What is needed:
In the entries below, find the line with "This luxury strap-on" and the line with "Zawiera wszystkie instalacje"; copy them and every line between them exactly, but not the pictures.

Dataset entries:
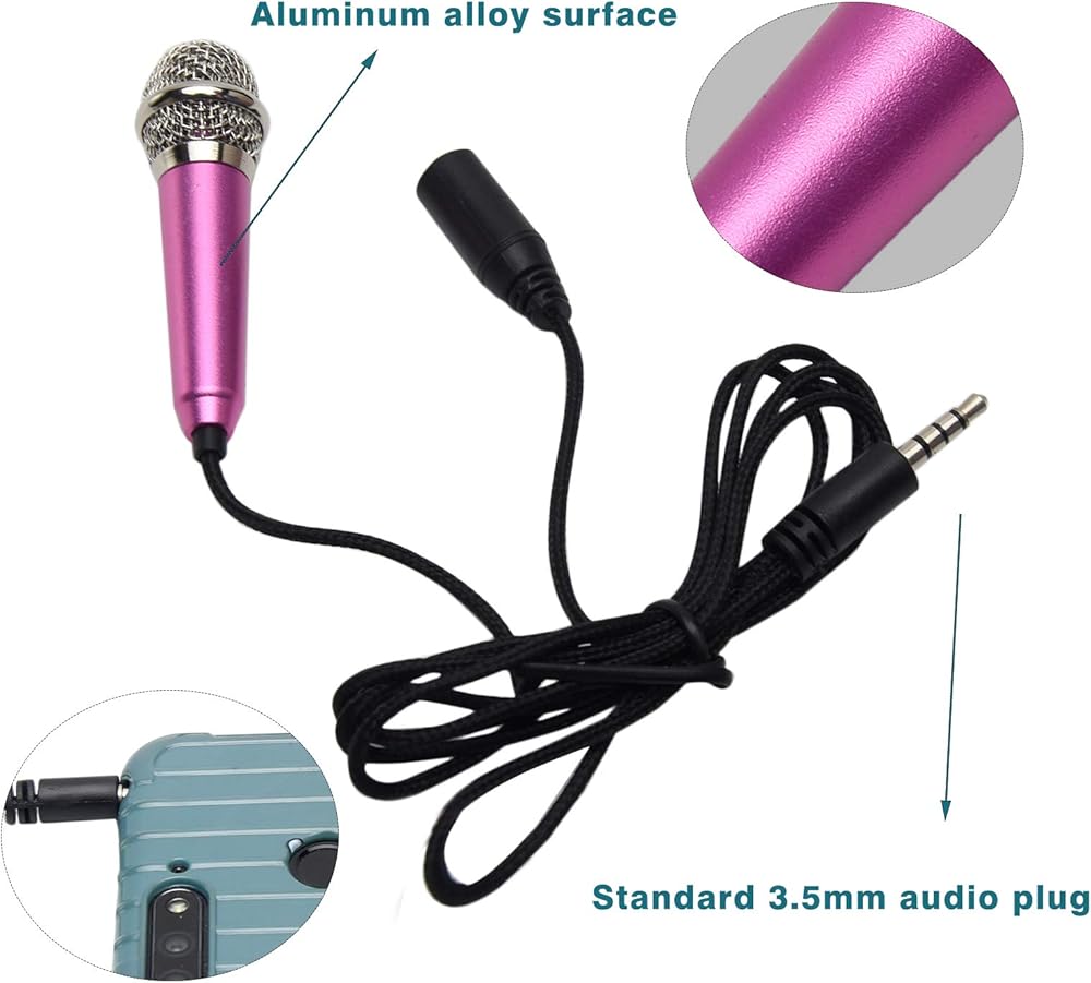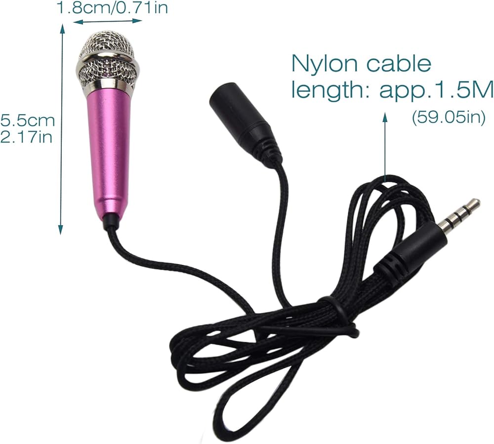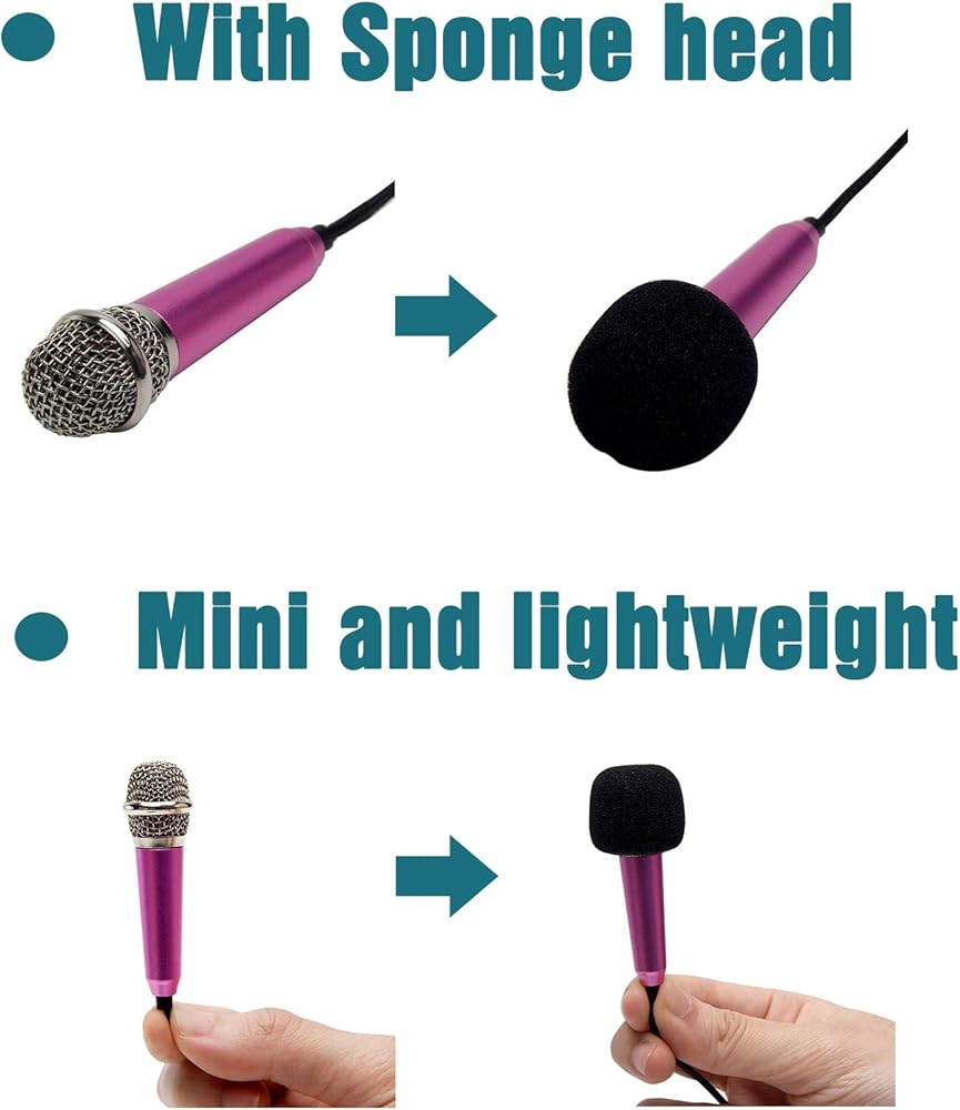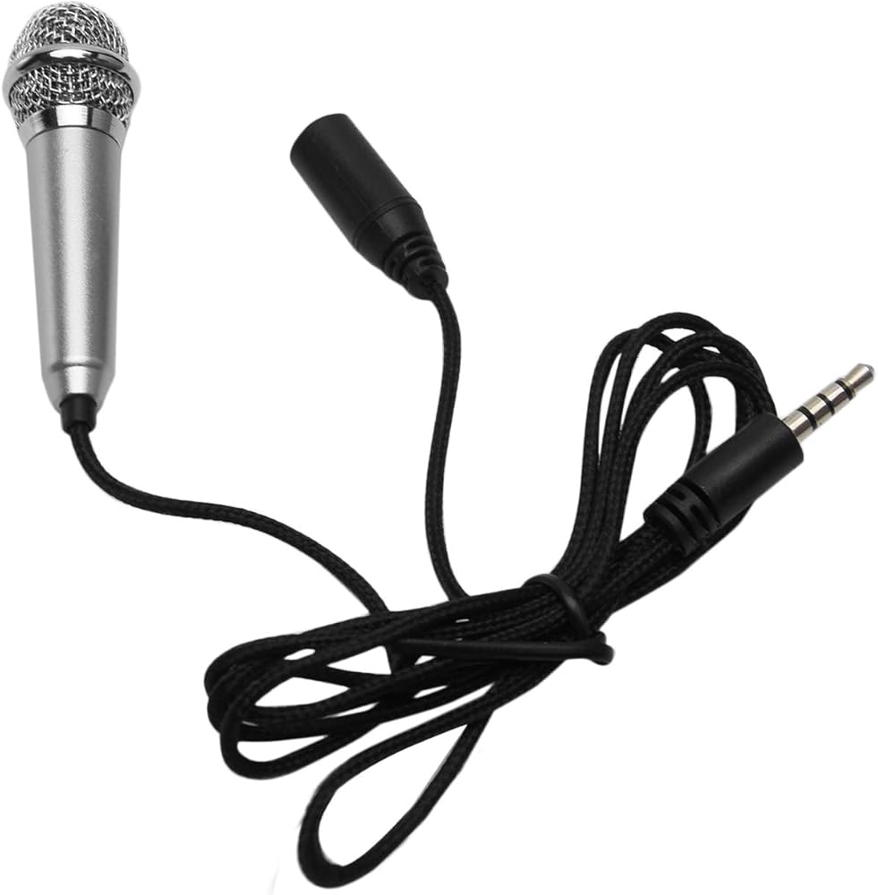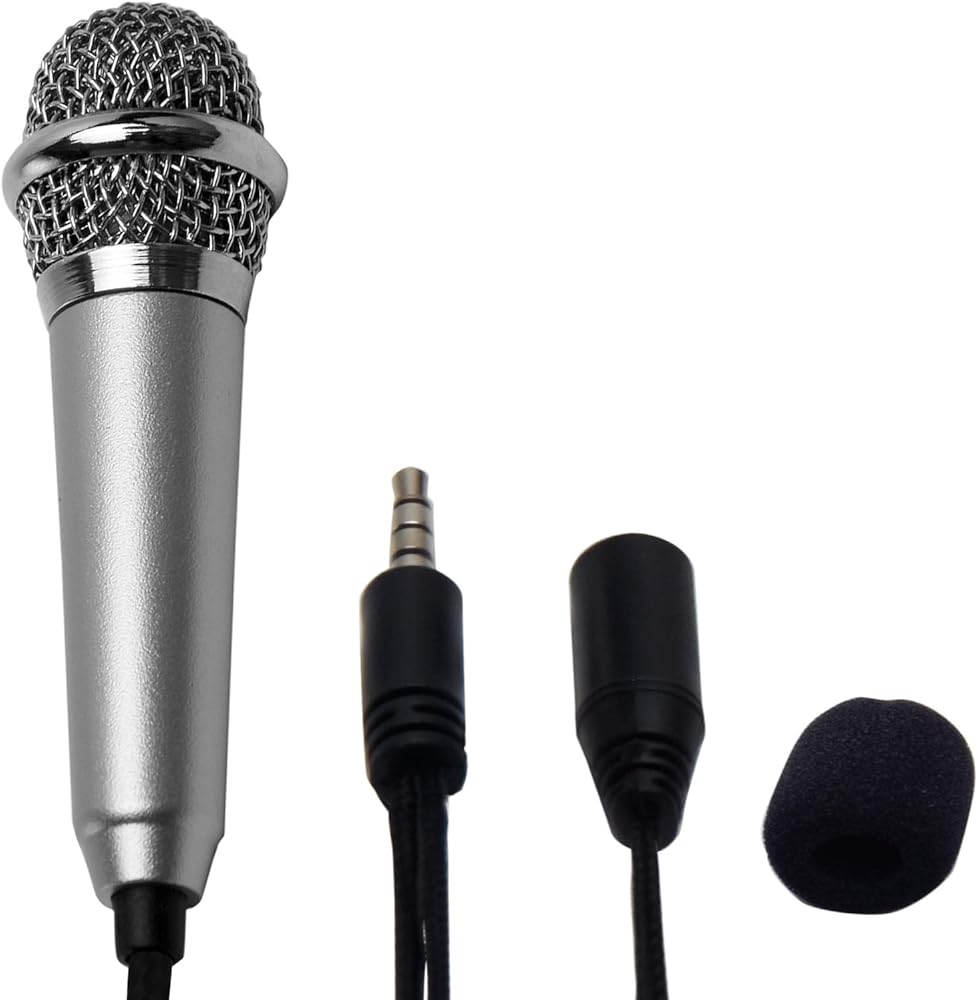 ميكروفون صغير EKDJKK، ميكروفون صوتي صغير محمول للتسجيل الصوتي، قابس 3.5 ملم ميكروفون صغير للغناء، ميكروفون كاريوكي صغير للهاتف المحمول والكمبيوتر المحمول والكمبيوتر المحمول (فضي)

--

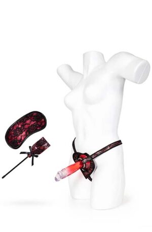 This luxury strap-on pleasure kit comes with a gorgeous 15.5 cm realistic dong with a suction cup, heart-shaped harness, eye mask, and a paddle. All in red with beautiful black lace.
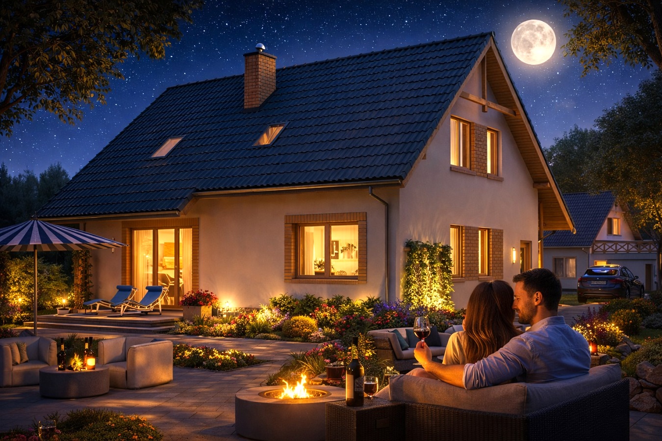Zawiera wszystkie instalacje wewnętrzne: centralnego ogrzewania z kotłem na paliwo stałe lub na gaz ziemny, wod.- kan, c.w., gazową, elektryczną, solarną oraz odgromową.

--

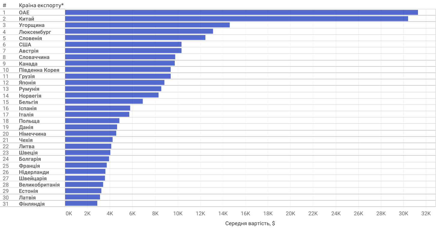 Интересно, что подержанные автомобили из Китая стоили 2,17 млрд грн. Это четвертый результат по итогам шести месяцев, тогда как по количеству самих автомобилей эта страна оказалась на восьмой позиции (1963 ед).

Exercise response:
 This luxury strap-on pleasure kit comes with a gorgeous 15.5 cm realistic dong with a suction cup, heart-shaped harness, eye mask, and a paddle. All in red with beautiful black lace.
Zawiera wszystkie instalacje wewnętrzne: centralnego ogrzewania z kotłem na paliwo stałe lub na gaz ziemny, wod.- kan, c.w., gazową, elektryczną, solarną oraz odgromową.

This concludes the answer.